The Flying Shuttle

For centuries handloom weaving had been carried out on the basis of the shuttle bearing the yarn being passed slowly and awkwardly from one hand to the other. In 1733 John Kay patented his flying shuttle that dramatically increased the speed of this process. Kay placed shuttle boxes at each side of the loom connected by a long board, known as a shuttle race. By means of cords attached to a picking peg, a single weaver, using one hand, could cause the shuttle to be knocked back and forth across the loom from one shuttle box to the other. A weaver using Kay's flying shuttle could produce much wider cloth at faster speeds than before.

 

Handloom Weaver using Kay's Flying Shuttle

 

 



(1) Edward Baines, History of the Cotton Manufacture in Great Britain (1935)

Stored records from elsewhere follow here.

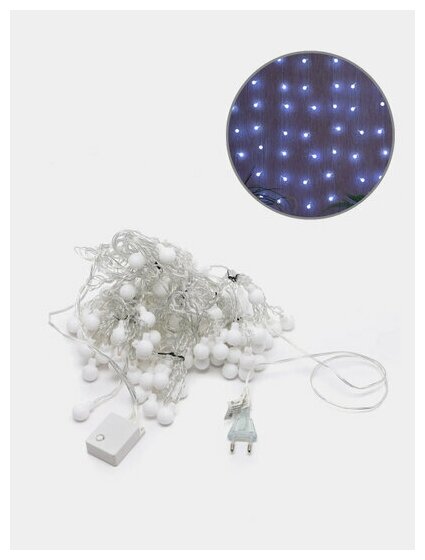 Купить Гирлянда "Светодиодный Дождь" 1.5х1.5 м с 8 режимами свечения с насадками "Шарики", 144 LED, цвет свечения: Белый
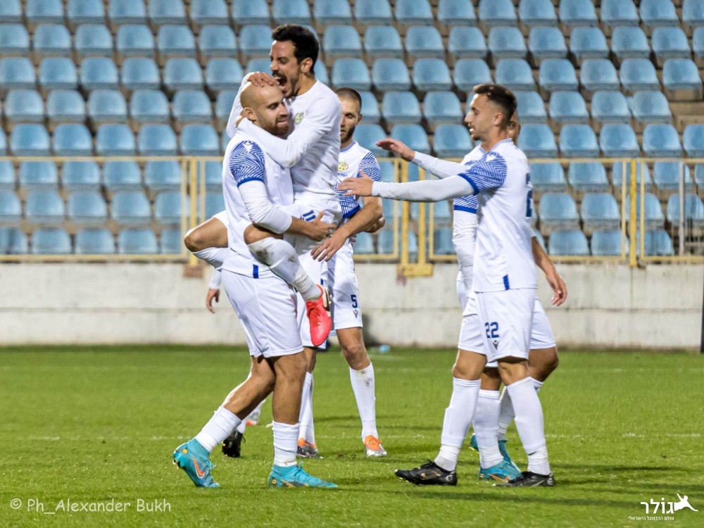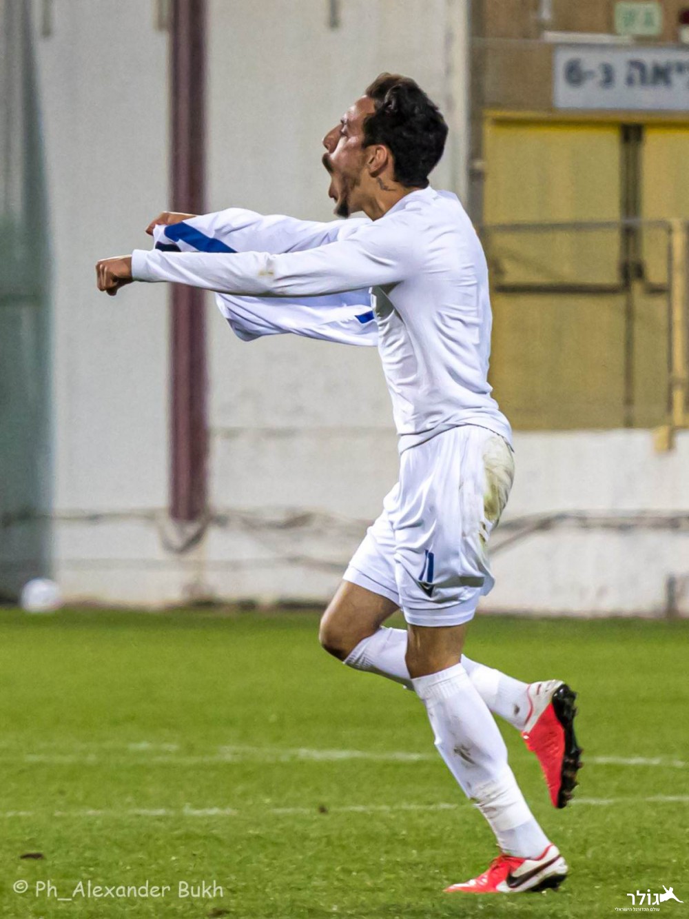 תום מדהלה חוגג שער ניצחון למכבי הרצליה. צילום: אלכסנדר בוך
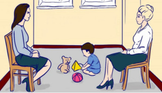 По-друге, дитина грається обличчям до жінки зліва. Чим би діти не займалися, вони завжди це робитимуть так, щоб у полі зору була мама.
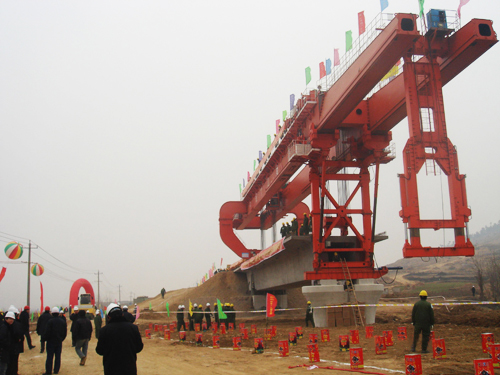 以及生产更新运架产品能架设跨度40M高速铁路箱梁的:SXJ1000T/40M一跨式架桥机(配套攀爬式运梁车可以实现过隧道零距离架梁)和攀爬式运梁车。并能对现有32M分体式运架设备进行改造,改造后能实现高低位架设跨度40M高速铁路箱梁(高位改造不能过隧道,把原架桥机改造一跨式,把原运梁车增加2轴。低位改造能过隧道架梁,把原架桥机改造一跨式低位,把原运梁车改成攀爬式运梁车并增加二台喂梁台车实现过隧道架梁)。
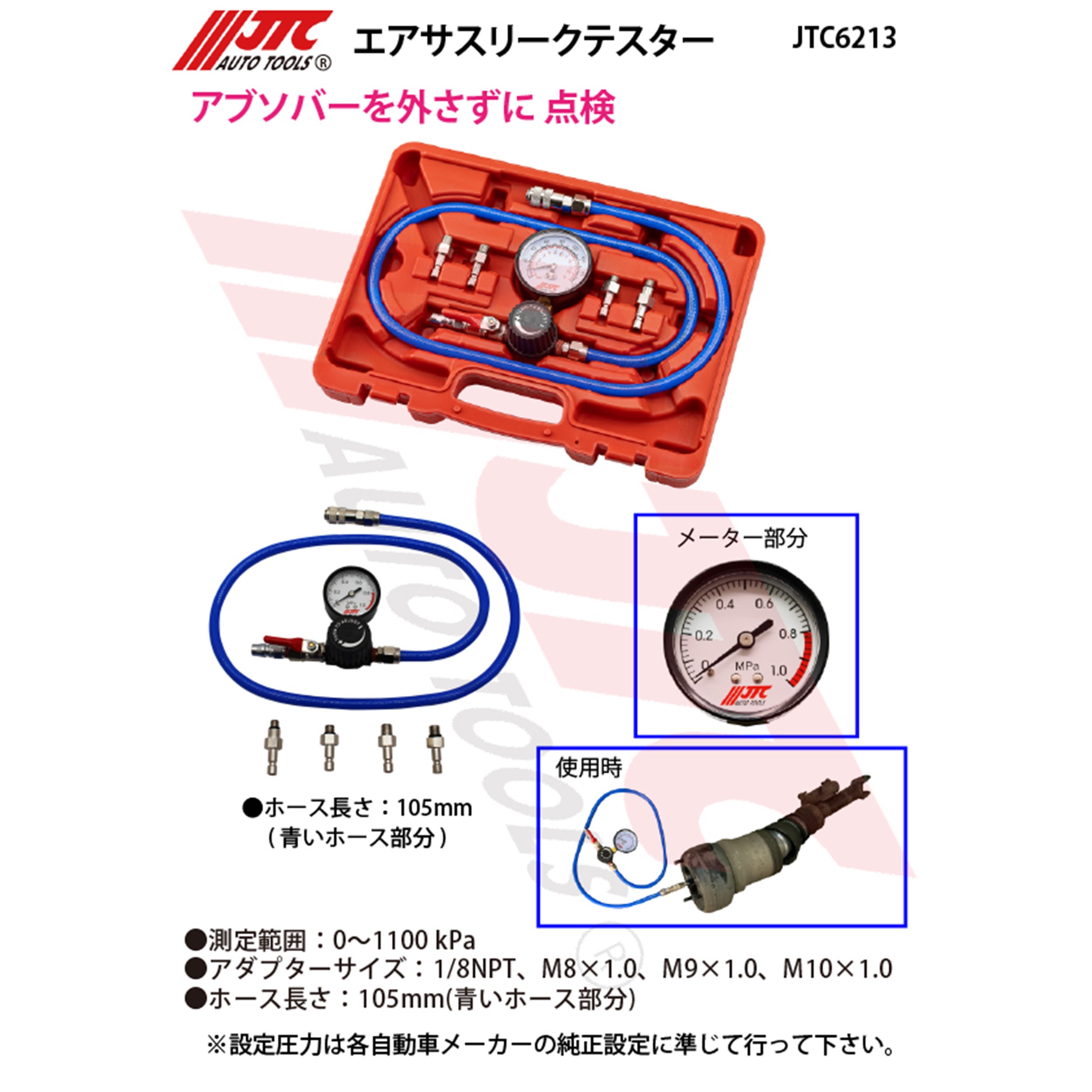 〇JTC6213 エアサスリークテスター アブソバーを外さずに 点検 ●エアサスペンションシステムにエアーを送り気密性テストに使用します ●設定圧力は各自動車メーカーの純正設定に準じて行って下さい ●測定範囲:0〜1100 kPa ●アダプターサイズ:1/8NPT、M8×1.0、M9×1.0、M10×1.0 詳細はメーカーHPをご確認下さい 【ご注意】 ■ 本商品は沖縄・離島への発送は行っておりません ■ 在庫欠品や納期が延びる場合はメールにてご連絡いたします ■ 商品画像はイメージです 実際の商品と色味や仕様が異なる場合がございます ■ パッケージや仕様はメーカーの都合により予告なく変更となる場合がございます ■ 配送業者はご指定いただけません

In 1738, Mr. John Kay, a native of Bury, in Lancashire, then residing at Colchester, where the woollen manufacture was at that time carried on, suggested a mode of throwing the shuttle, which enabled the weaver to make nearly twice as much cloth as he could make before. The old mode was, to throw the shuttle with the hand, which required a constant extension of the hands to each side of the warp. By the new plan, the lathe (in which the shuttle runs) was lengthened a foot at either end; and, by means of two strings attached to the opposite ends of the lathe, and both held by a peg in the weaver's hand, he, with a slight and sudden pluck, was able to give the proper impulse to the shuttle. The shuttle thus impelled was called the flying-shuttle, and the peg called the picking-peg (i.e. the throwing peg). This simple contrivance was a great saving of time and exertion to the weaver, and enabled one man to weave the widest cloth, which had before required two persons.

 

(2) Richard Guest, History of the Cotton Manufacture (1823)

John Kay brought this ingenious invention to his native town, and introduced it among the woollen weavers, in the same year, but it was not much used among the cotton weavers until 1760. In that year Robert Kay, of Bury, son of John Kay, invented the drop-box, by means of which the weaver can at pleasure use any of three shuttles, each containing a different coloured weft, without the trouble of taking them from and replacing them in the lathe.